If America can agree on only one thing about sports, it's that fandom is out of control. The things you hear screamed at arenas and stadiums are lewd, disgusting, insulting and unending. An opposing player is like a new inmate walking past raucous prison cells. And the Internet has created a fresh world of vitriol, a never-closing factory of name-calling, insults and racist attacks — all behind the veil of anonymity. Negativity is now expected.
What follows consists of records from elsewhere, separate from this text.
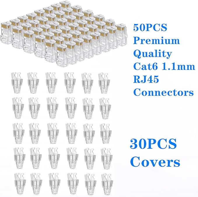 - Premium Quality 50pcs rj45 1.1mm Cat6 Pass Through Connectors, 30pcs Covers: It comes with 50pcs nice quality rj45 1.1mm cat6 pass through connectors, let the network faster, enough for we use. It also comes with 30pcs covers for j45 cat5, cat5e, cat6 connectors ( Covers not for cat6A, cat7 connectors ect).
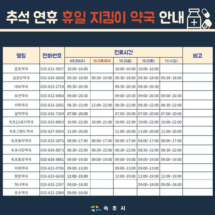 #강원도 #속초시 #속초 #추석 #연휴 #응급진료기관 #휴일지킴이 #약국 #안내 #확인부탁드립니다 #아프지마요 #즐겁고 #평안한 #명절을 #기원합니다
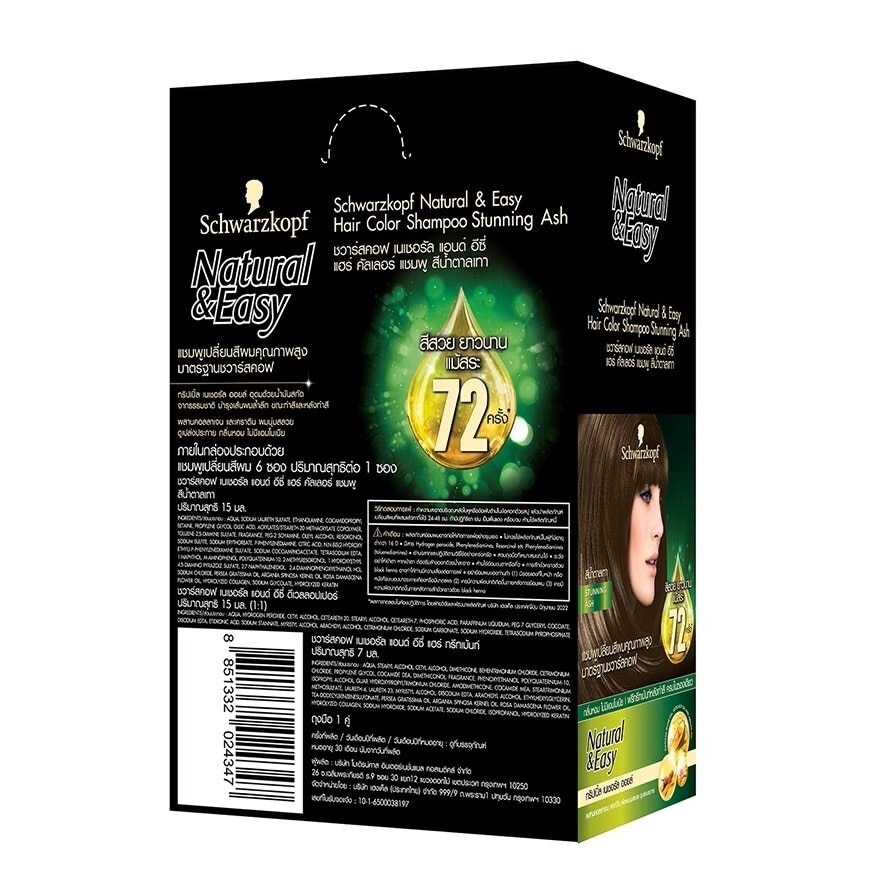 Schwarzkopf Natural & Easy Hair Color Shampoo Stunnin Ash Color Fully cover your grey hair and nourish with triple natural oil formula together with collagen and keratin for smooth ans hiny hair. The product has no ammonia and can cover your grey hair last long up to 18 weeks. Usage Information Mix 2 side of the product sachet well before apply on dry or almost dry hair especially on the area with grey hair. Leave for 10-15 mins. You can leave it longer if you have a lot of grey hair. Rinse off and apply treatment. Leave for 5 mins and rinse off. Instrumental test , average number of washes 4x/week by Henkel R&D Japan, June 2022,

But the anger level is so high in sports, we accept behavior not practiced elsewhere. So a guy like Orr, who seems proud of the fact that he once traveled 30,000 miles in a year to follow Texas Tech basketball, can yell all kinds of things at a game, but would he ever say them at his job as an air traffic controller (where, ironically, he must mince every word)? Would Orr ever yell, "You're a piece of crap" to his boss, a neighbor or a religious cleric? But, somehow, in a sports arena, it comes out.

Why? Orr is not a player. He is just another guy who pushes through a turnstile. Yet in our culture, some fans fancy themselves so vital they think they are part of the game. When coaches credit the "12th Man," they boost this notion. When we admire Duke's "Cameron Crazies," we do the same. When we shrug and laugh at profanities screamed in unison, when we turn the cameras on painted faces, when we put dancing patrons on the big screen and give them nicknames — we nourish this sense of significance.


But I have news for Orr and others. You don't change a thing. Most college players — and certainly pros — have long since tuned out the crowd. If a player chokes, it's likely because he thought too much. If a player hits an impossible game-winner, it's due to years of practice.

Neither moment turns on fan noise.

It might shock a guy like Orr to learn that the game can go on without him. He will learn that now, as he voluntarily excused himself from the handful of remaining Texas Tech games this season. That is proper. It saved Tech the trouble of banning him.

But the problem won't stop. And while Smart was clearly wrong, he cannot do what he did, the finger must point both ways — especially in college sports. Sarcasm aside, these kids do not receive paychecks. They do not have a union. As long as they play for their school, they have the right to expect protection from certain abuses during a game.

You're a piece of crap. Who deserves such an insult? Maybe someone who molested children or bombed a church. But really. On what planet do you confuse such things with landing near the stands after trying to block a shot?

On Planet Crazy, that's where. A place that sports fandom, more and more, calls home.